Cependant, sachez, et je l’ai mentionné dans la précédente tentative de décollage, on doit être sur nos gardes en cas de pépin. Artemis est pile-poil en face de nous, à 3 miles (5 km). C’est peu. Pas âmes qui vivent avant. Bon, sauf les oiseaux qui, eux, peuvent se permettre de titiller en vol la fusée. Le message que nous a transmis la NASA est le suivant : « Pendant le lancement d’Artemis I, votre lieu de refuge dans le cas improbable d’une anomalie sera le bâtiment principal du site de presse. Nous demandons à chacun de se trouver à l’intérieur de l’espace qui lui a été assigné dans les 5 minutes suivant l’annonce de la mise à l’abri. La menace sur le site de presse pourrait être le chlorure d’hydrogène et la mise à l’abri devrait durer moins de 30 minutes maximum. »

De l’incertitude à la confiance

Comme l’explique Philippe Henarejos, rédacteur du magazine Ciel & Espace, « après le passage de l’ouragan Nicole, de légers dommages ont été constatés, notamment sur un matériau de jonction aérodynamique entre la tour d’abandon de mission et la capsule Orion. Mais cela ne constitue pas une menace telle que le décollage doive être repoussé. Une autre incertitude concernait une connexion électrique dans le mât ombilical de queue (au bas de la fusée) qui a été abîmée par l’ouragan. Mais rien de grave pour reporter un décollage.

La cause de la fuite d’hydrogène lors de la précédente tentative n’a jamais été clairement identifiée. Par précaution, le joint sur lequel une entaille avait été repérée a été remplacé. Jeremy Parson, responsable du segment sol d’Artemis, a avoué que c’était le remplissage de l’hydrogène qui l’inquiétait le plus. D’après ce qu’on vit en ces heures, pas de quoi s’inquiéter. D’après mon pronostic, Artemis partira ce jour et à l’heure ! Puisque je vous le dis et redis… 

Artemis offers us a safe

[Cape Canaveral, November 15, 2022, rke] – Artemis is waiting for its time on its launch pad 39B and we have a place of refuge in case of glitches. Takeoff this Wednesday, November 16 at 1:04 a.m. (local), 7:04 a.m. (Swiss). 

It’s full of people. At the time of writing, 5h20 before takeoff, everything is going well. Good? That means a full tank of hydrogen and an almost full tank of oxygen.

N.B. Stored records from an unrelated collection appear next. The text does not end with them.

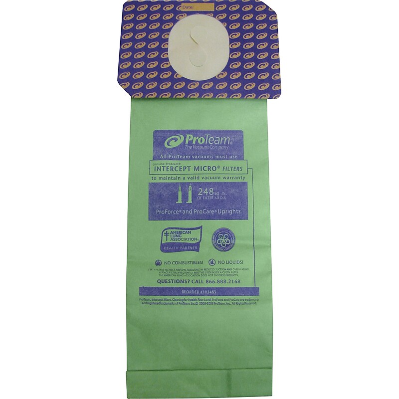 Assist your vacuum cleaner suction off spores, pollens and other microscopic particles efficiently with the "ProTeam 103483 Intercept Micro Vacuum Filter, 3. 25 qt. " This disposable vacuum filter is treated with antimicrobial organic agents and has a double-pleated design that increases the filtration area by 21%. Its thick disposable material makes these vacuum filters difficult to shred. These filters are compatible with PreForce Vac. The pack contains 10 micro filter bags. organic agents and feature a double-pleated design that increases the filtration area by 21%, enabling thorough cleaning. It has 10 bags per pack and is compatible with the PreForce Vac. Product Type: Intercept Micro Vacuum Filter. Capacity: 3. 25 qt. Fits: ProForce Vacuums. Four Level Filtration - ProTeam Four Level Filtration system provides advanced protection against there introduction of pollutants back into an environment. Larger Capacity - ProTeam Intercept MicroFilters have 21% more filtration area than non-pleated filters. Improved Air Quality - Dual layered construction captures fine particles, improving Indoor Air Quality. Intercept microbial treatment helps contain odors and prevent the growth of mold and bacteria. Packaging: 10/pack. Clean pollen, bacteria and other microscopic particles from your indoors easily with "ProTeam 103483 Intercept Micro Vacuum Filter, 3. 25 qt. ".
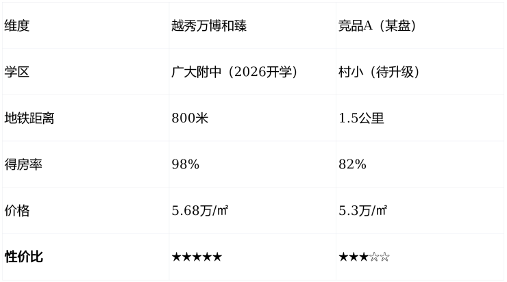 保值逻辑:万博CBD企业持续入驻,高净值人群租房需求旺盛;广大附中名校加持,陪读家庭租金承受力强。
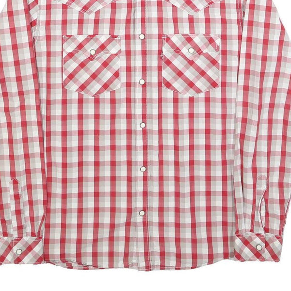 This Levi's mens shirt features a classic check pattern in red and beige with white accents, creating a timeless Western-inspired look. The shirt includes distinctive yoke detailing on both the front and back, along with two flap chest pockets secured with snaps for added style and functionality.
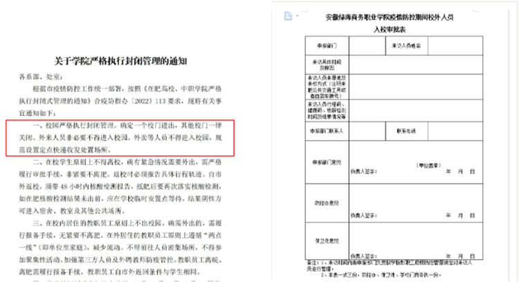 严守疫情防线。学院实行封闭管理,外卖禁止入校,校外闲杂人员一律禁止入校,因公来访人员需提前与院防疫办审核报备。
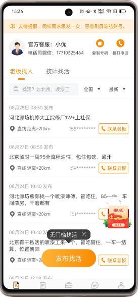 ※ 为修理厂提供招聘、临时用人、车间代管服务
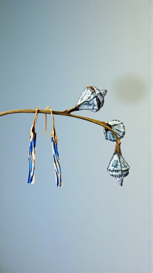 Memory of a Tide – Long blue Porcelain Earrings with 22k Gold Luster (Hand‑Painted Ceramic Jewelry)

The atmosphere in the press center, that is not felt on the picture in this news, becomes more and more feverish. We are far from the takeoff, but we had to come on this famous site well before, for fear to be blocked in the traffic. At 6 p.m. of the evening, this Tuesday, November 15th, the weather is very wet. The sky is covered with a thick layer of clouds, but no wind. I approached the edge of the lagoon to put my cameras, but I am ravaged by mosquitoes. I’m going to take a step back on a slight mound, not to get some height, but to get a better connection. Because I have to appear live this Wednesday, November 16, on the 7 a.m. news on the supra-regional radio station RFJ, which, I should point out for our American friends, has the largest audience in northern Switzerland. So I’m very busy preparing for this.

On our guard!

However, you should know, and I mentioned this in the previous attempt to take off, that we have to be on our guard in case of a glitch. Artemis is right in front of us, at 3 miles (5 km). That’s not much. No souls living before. Well, except for the birds that can afford to tickle the rocket in flight. The message we got from NASA was: « During the Artemis I launch, your sheltering facility in the unlikely event of an anomaly will be the main press site building. We are asking everyone to be inside their assigned spaces within 5 minutes after an announcement to seek shelter. The threat at the press site could be hydrochloride and sheltering is expected to last less than 30 minutes max. »

From Uncertainty to Hope

As Philippe Henarejos, editor of Ciel & Espace, magazine, explains, « After Hurricane Nicole, slight damage was noted, particularly to an aerodynamic junction material between the mission abort the tower and the Orion capsule. But this did not pose such a threat that liftoff had to be postponed. Another uncertainty involved an electrical connection in the tail umbilical mast (at the bottom of the rocket) that was damaged by the hurricane. But nothing serious to postpone liftoff.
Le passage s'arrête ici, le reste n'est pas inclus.